= Claudine de La Tour-Turenne =

French lady-in-waiting

Claudine de La Tour-Turenne (1520–1591) was a lady-in-waiting of Marguerite de Valois (1553–1615), the spouse of the French king Henri IV (1553–1610). By birth, she was member of the House of La Tour d'Auvergne.

==Early life==
She was born in 1520 as the eldest child of François II de la Tour, Vicomte de Turenne (1497-1532) and his second wife Anne de La Tour de Boulogne, Dame de Montgascon (1492-1530).

==Marriage==
On October 31, 1535, Claudine married, at the age of 15, Justus II, seigneur of Tournon and count of Roussillon (1510–1557). They had a son and a number of daughters:

- Just Louis IV de Tournon, Count de Roussillon, Baron de Durteil (d. 1617), married Madeleine de La Rochefoucauld.
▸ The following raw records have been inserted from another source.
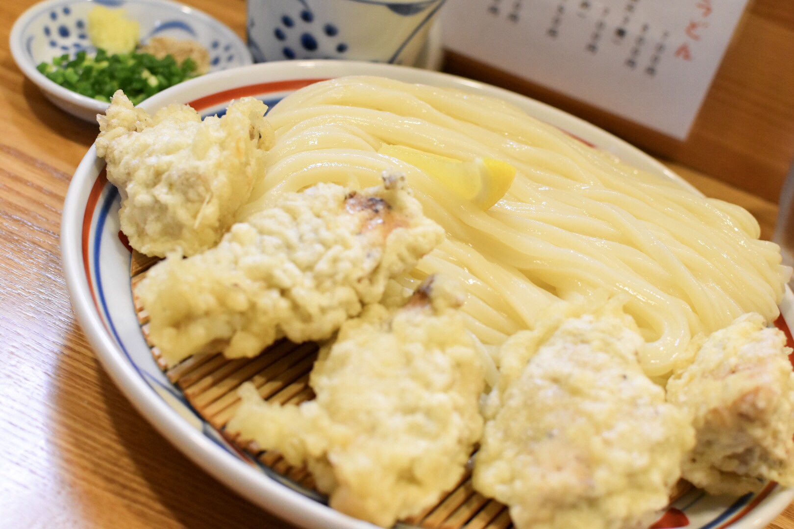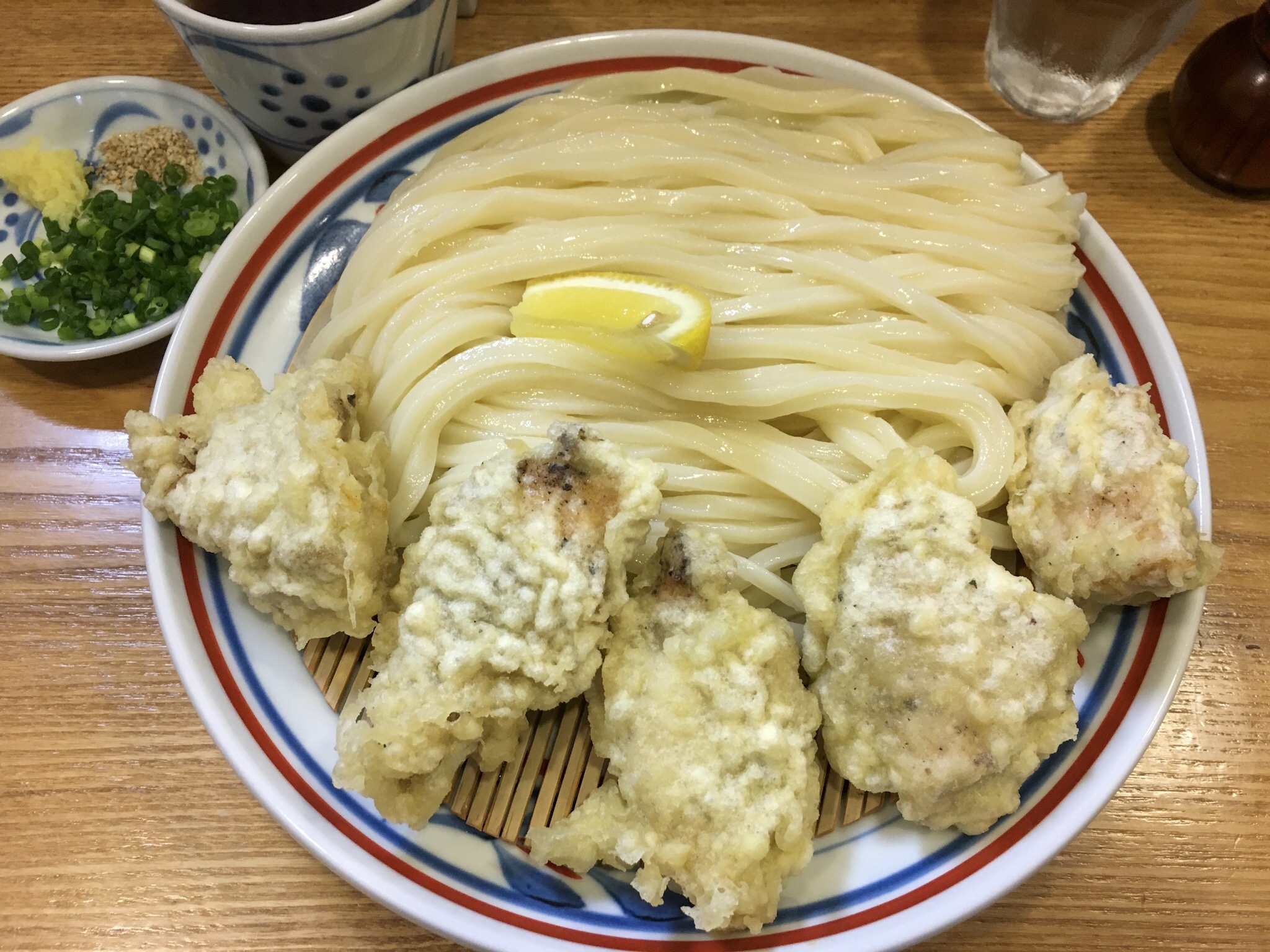 ゴロゴロっとしたかしわ天。ボリューム満点です。サクッ衣が香ばしく、噛むとジュワッと鶏肉の旨味が溢れます。食べてあと引く感覚は黒胡椒のパンチ。なかなか強烈です。添えてあるレモンをかしわ天に搾ってさっぱりといただくこともできます。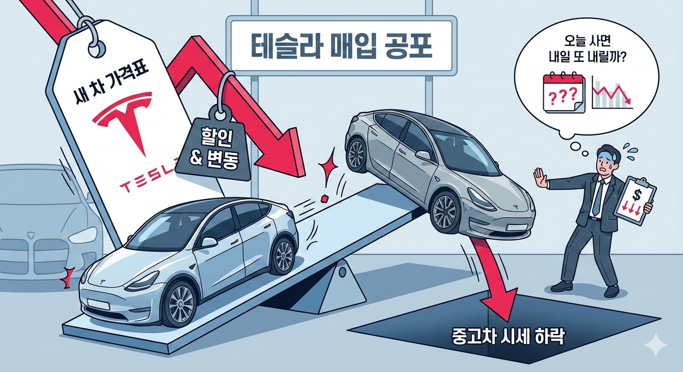 혹시 아침에 뉴스 보다가, 혹은 중고차 어플 켰다가 깜짝 놀라신 적 있으세요? "아니, 내가 차를 얼마나 아껴 탔는데 가격이 이렇게 떨어져?" 하고요. 결론부터 말씀드리면, 그건 차주님 잘못이 아니에요. 차에 문제가 있어서가 아니라, 테슬라라는 브랜드의 특성과 시장의 구조 때문에 벌어지는 자연스러운 현상이거든요.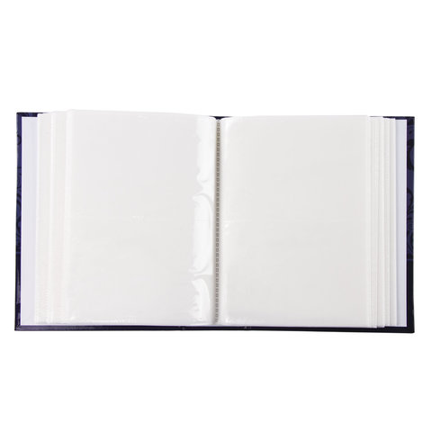 Состоит из 76 полипропиленовых листов размером 17,5х22 см с карманами и вмещает 304 фотографии размером 10х15 см по 2 штуки на странице. Обложка фотоальбома выполнена в темно-синих тонах с абстрактным дизайном, а его листы склеены в единый блок. Размер - 18х23 см.
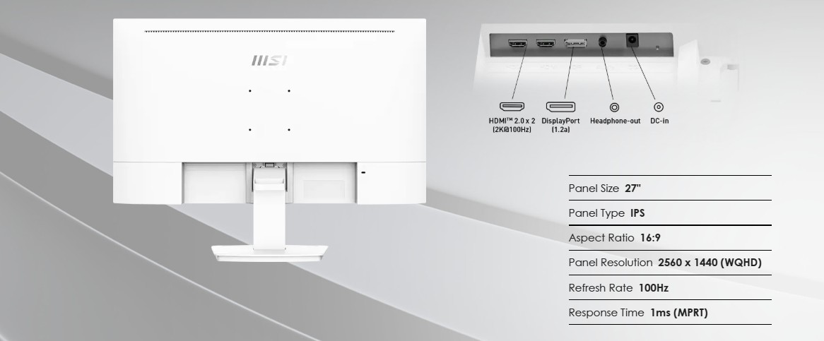 MSI Pro/MP273QW E2/27"/IPS/QHD/100Hz/1ms/Bílá/3R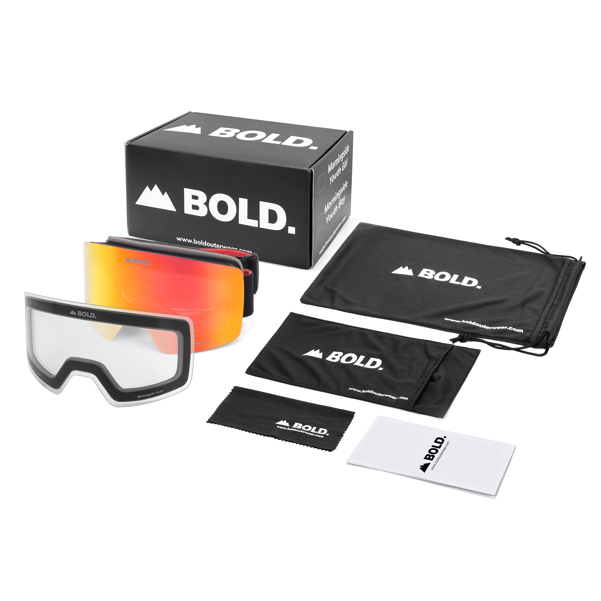 - Accessories: Ski Goggle Pouch, Lens Pouch & Lens Cloth

They had two daughters:
  - Madeleine; married to Gaspard d'Alègre, Seigneur de Beauvoir; no issue
  - Francoise (b. 1621); married to Gaspard de Polignac, Vicomte de Polignac, Marquis de Chalencon (1579-1659). They were ancestors of Dukes of Polignac and House of Monaco.
- Claudine de Tournon-Roussillon (d. 1600), married Philibert de Rye, Count de Varax (d. 1597). They had at least six children:
  - Claude de Rye, baron of Balançon, appointed gentilhombre de la cámara to the Cardinal-Infant on 2 May 1635, married Claudine-Prospère de la Baume; daughters Madeleine and Eléonore were ladies-in-waiting to Isabella Clara Eugenia, sovereign of the Netherlands.
  - François de Rye, sumilher da cortina of the archdukes in 1606.
  - Christophe de Rye de La Palud, Count de Varax (d. 1637); married Eleonore de Chabot (1570–1618); had issue.
  - Anne-Marguerite de Rye, married Guillaume de Richardot, baron of Lembeek and later count of Galmaarden.
  - Antoinette de Rye, married Gaspar, the uncle of Ferdinand le Blanc d'Andelot
  - Alexandrine de Rye (1589–1666); married Count Leonhard II von Taxis (1594-1628). They were progenitors of the House of Thurn und Taxis.
- Hélène de Tournon, a maid of honour to Margeruite de Valois; died of a sudden illness as Marguerite and her retinue were traveling by boat through the bishopric of Liège.

== Legacy ==
It has been suggested that the references to "bright queen Margot" and "Claudine" in Mikhail Bulgakov's novel The Master and Margarita are references to Claudine, mother of a large family and widowed at 37, and Marguerite.